In the most significant Islamic State military operation in
Iraq in seven months, a battalion-sized unit of some 500 Islamic
State militants attacked the Kurdish forward line in northern
Iraq, penetrating it in three locations before being stopped and
repelled, U.S. Army Colonel Steve Warren told a briefing.
The attack came a day after a company-sized unit of Islamic
State fighters using truck bombs tried to break through Iraqi
lines to Ramadi, briefly seizing the city's Palestine bridge
before being stopped and repelled, said Warren, a spokesman for
the U.S.-led military coalition.
"In each place ISIL was able to muster an offensive effort,
which tells us that they've still got some fight left in them.
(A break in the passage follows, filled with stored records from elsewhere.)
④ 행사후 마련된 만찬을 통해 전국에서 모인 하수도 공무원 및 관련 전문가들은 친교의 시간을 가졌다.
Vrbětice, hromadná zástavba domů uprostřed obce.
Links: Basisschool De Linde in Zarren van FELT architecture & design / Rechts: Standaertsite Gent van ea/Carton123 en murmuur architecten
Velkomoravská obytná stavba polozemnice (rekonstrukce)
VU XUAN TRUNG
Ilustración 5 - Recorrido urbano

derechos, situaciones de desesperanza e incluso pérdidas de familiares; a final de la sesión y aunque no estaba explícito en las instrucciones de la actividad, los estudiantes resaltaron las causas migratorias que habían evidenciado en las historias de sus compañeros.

However, and much more importantly, in each fight Iraqi forces
were able to rebuff ISIL's efforts," Warren told a Pentagon
teleconference, using an acronym for Islamic State.
"This is still a war ... so we shouldn't be Pollyanna-ish
about that," he added. "On the other hand, what this tells us
also is that the forces we're aligned with ... are now becoming
solid fighting forces."
The fight in northern Iraq began at 4:17 p.m. local time on
Wednesday when Islamic State fighters in small groups using
filtration tactics opened fire with rockets on a peshmerga
position near the village of Bashiqa, not far from the town of
Tal Aswad, Warren said.
The rocket fire kicked off the attack by a battalion-sized
force of fighters that temporarily broke through the Kurdish
lines at Tal Aswad, Bashiqa and Nawaran using construction
vehicles like excavators to breach berms and other defensive
positions, he said.
Warplanes from five coalition countries responded with
overnight air strikes, dropping about 100 precision munitions
that destroyed the construction vehicles, killed nearly 200
militants and slowed the attack until peshmerga forces regrouped
and repelled them the following morning, Warren said.
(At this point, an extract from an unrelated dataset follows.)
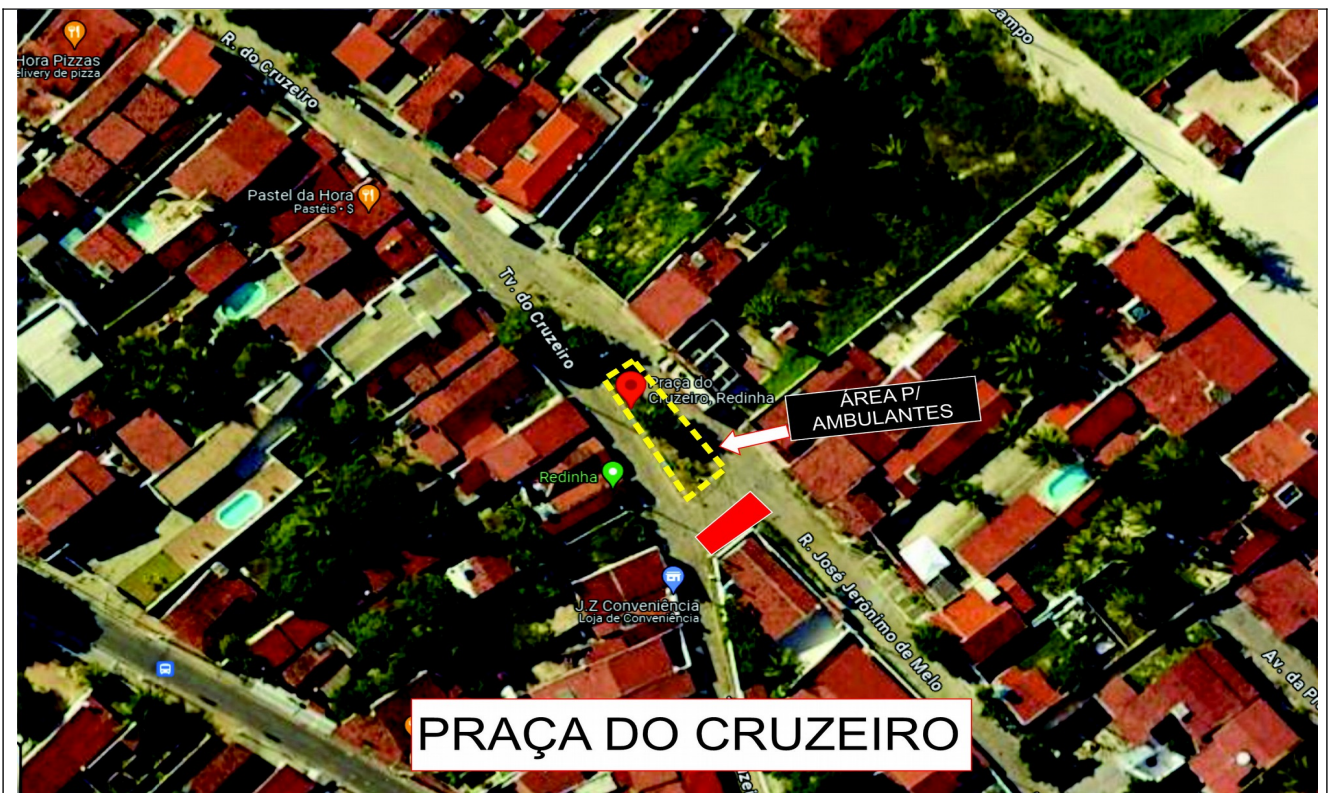
04 – Pólo Cruzeiro Redinha

Canadian forces at a headquarters unit several miles behind
the Kurdish lines contributed mortar fire to help the peshmerga
stop the Islamic State fighters, Warren said. While U.S. forces
are advising the peshmerga in some areas, they were 15 miles (25
km) or more from this fight, he added.
"This is the most significant attack that the enemy has been
able to mount, really since Ramadi (was captured in May). And if
this is all they've got, things are going to begin to get worse
and worse for this enemy," Warren said.
The initial Islamic State attack on Ramadi on Tuesday
morning broke through Iraqi defenses on the Palestine bridge
north of the city, opening the way toward the military's Anbar
operations center, Warren said.
But Iraqi troops were able to regroup, stop the attack and
destroy Islamic State's truck bombs before they could damage the
operations center, Warren said. With coalition air support, they
were able to counterattack and regain control of the bridge.
Some 59 Islamic State fighters were killed.